Exercise objective: Every line from the one containing "304不锈钢浴室置物架免打孔卫生间三角架壁挂淋浴房厕所角篮收纳" to the one containing "Step1: 下載安裝大白菜" in the records below, both included, must be set down exactly, and no other line.

Task input:
╭──

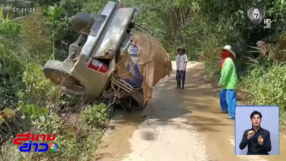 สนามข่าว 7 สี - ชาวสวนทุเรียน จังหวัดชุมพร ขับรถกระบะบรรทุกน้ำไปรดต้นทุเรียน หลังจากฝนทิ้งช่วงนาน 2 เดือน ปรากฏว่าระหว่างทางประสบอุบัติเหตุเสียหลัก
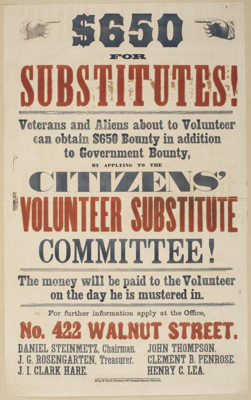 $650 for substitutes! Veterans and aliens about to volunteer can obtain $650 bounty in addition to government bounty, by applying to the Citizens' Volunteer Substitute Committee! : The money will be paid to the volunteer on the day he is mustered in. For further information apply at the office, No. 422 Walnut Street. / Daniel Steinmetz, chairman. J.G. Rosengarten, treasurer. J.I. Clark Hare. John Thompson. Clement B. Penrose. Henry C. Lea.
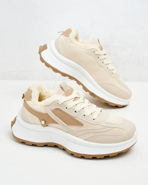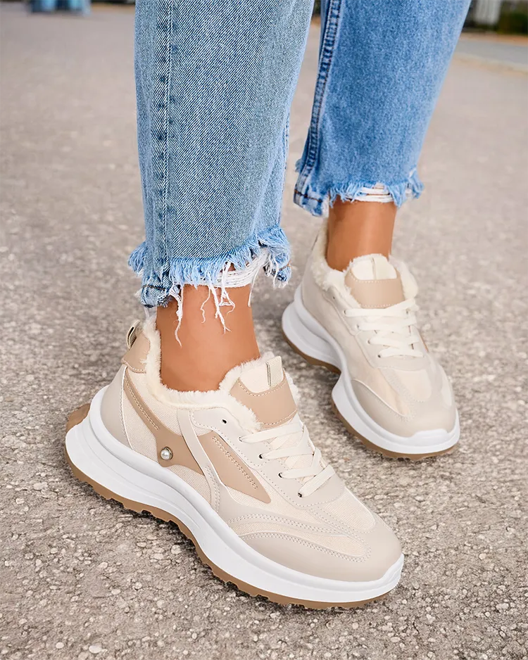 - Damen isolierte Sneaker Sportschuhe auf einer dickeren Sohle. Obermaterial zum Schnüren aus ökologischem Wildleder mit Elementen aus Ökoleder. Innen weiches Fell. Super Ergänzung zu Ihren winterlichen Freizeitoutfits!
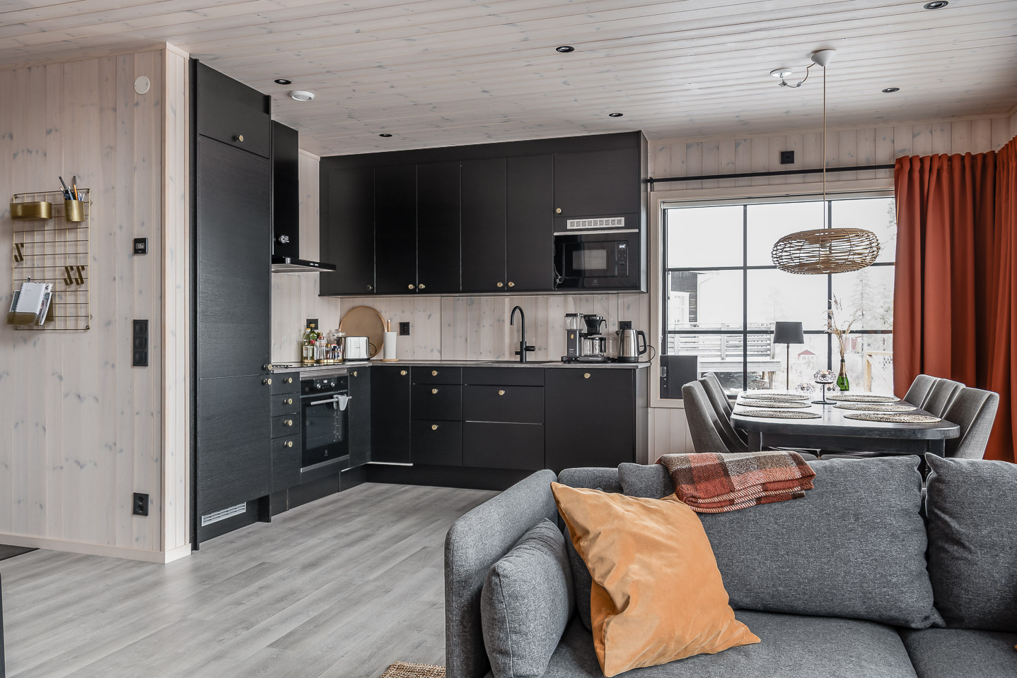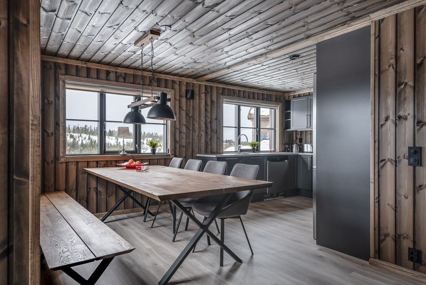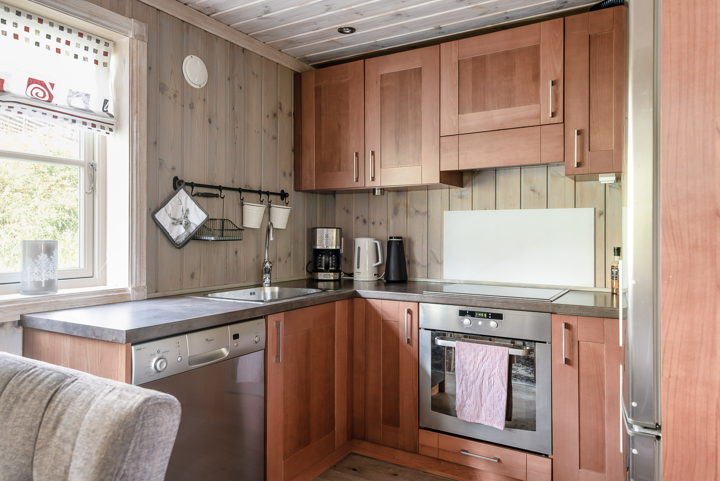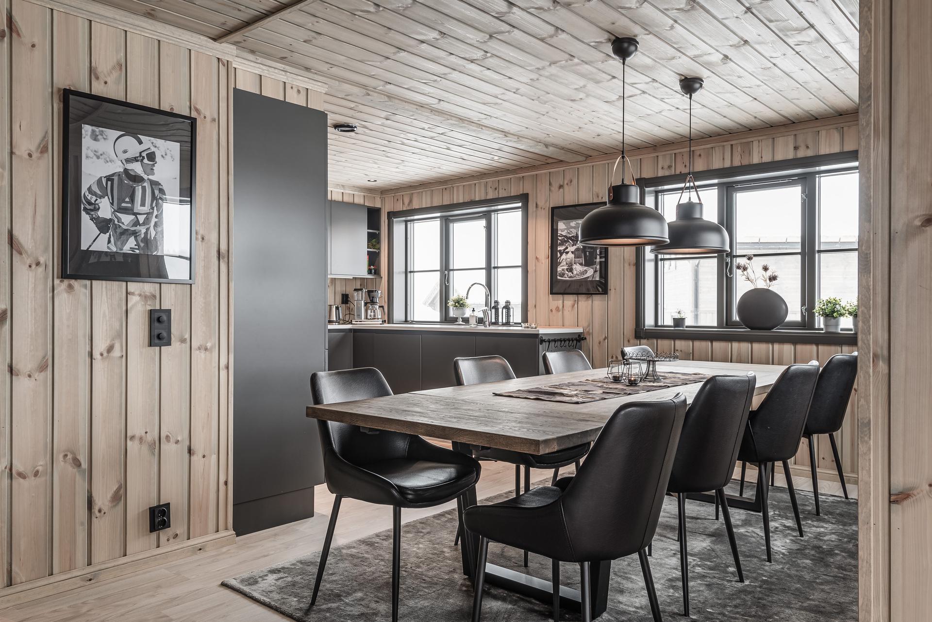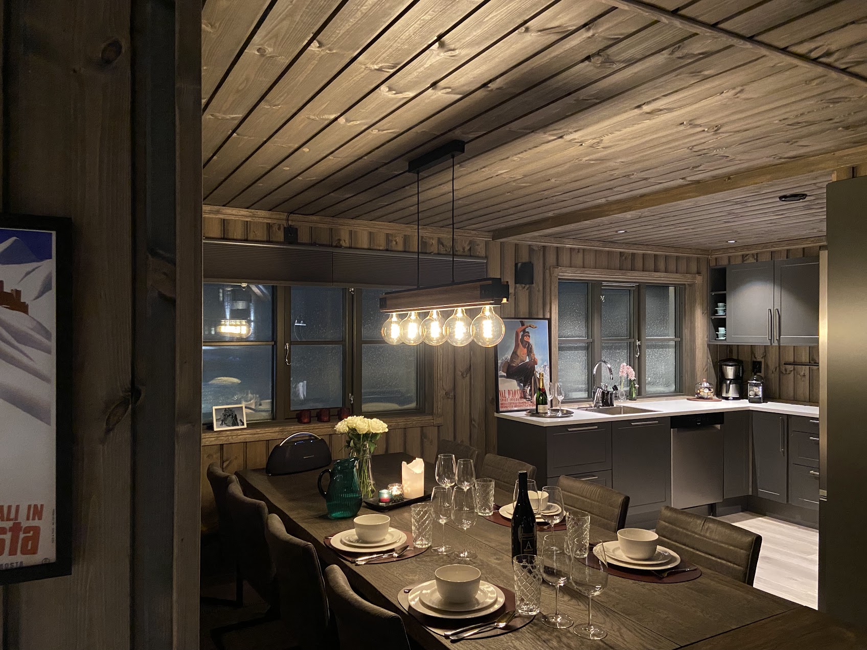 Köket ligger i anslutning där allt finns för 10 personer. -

╰──
╭──

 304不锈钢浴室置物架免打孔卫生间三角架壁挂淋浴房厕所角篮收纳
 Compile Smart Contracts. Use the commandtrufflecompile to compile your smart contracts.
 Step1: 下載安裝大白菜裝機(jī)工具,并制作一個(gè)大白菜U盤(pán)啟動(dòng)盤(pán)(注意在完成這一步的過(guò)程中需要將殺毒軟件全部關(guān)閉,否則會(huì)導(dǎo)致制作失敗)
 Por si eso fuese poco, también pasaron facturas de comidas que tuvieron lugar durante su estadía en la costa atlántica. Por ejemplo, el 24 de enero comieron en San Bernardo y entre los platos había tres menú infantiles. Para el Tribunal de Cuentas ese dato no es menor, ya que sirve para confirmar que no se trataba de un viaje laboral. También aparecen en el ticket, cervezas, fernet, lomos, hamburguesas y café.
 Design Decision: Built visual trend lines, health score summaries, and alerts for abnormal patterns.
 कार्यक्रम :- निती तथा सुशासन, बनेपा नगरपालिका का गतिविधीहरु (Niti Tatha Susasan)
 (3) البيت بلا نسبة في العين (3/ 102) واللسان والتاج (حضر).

╰──

Answer to the exercise:
 304不锈钢浴室置物架免打孔卫生间三角架壁挂淋浴房厕所角篮收纳
 Compile Smart Contracts. Use the commandtrufflecompile to compile your smart contracts.
 Step1: 下載安裝大白菜裝機(jī)工具,并制作一個(gè)大白菜U盤(pán)啟動(dòng)盤(pán)(注意在完成這一步的過(guò)程中需要將殺毒軟件全部關(guān)閉,否則會(huì)導(dǎo)致制作失敗)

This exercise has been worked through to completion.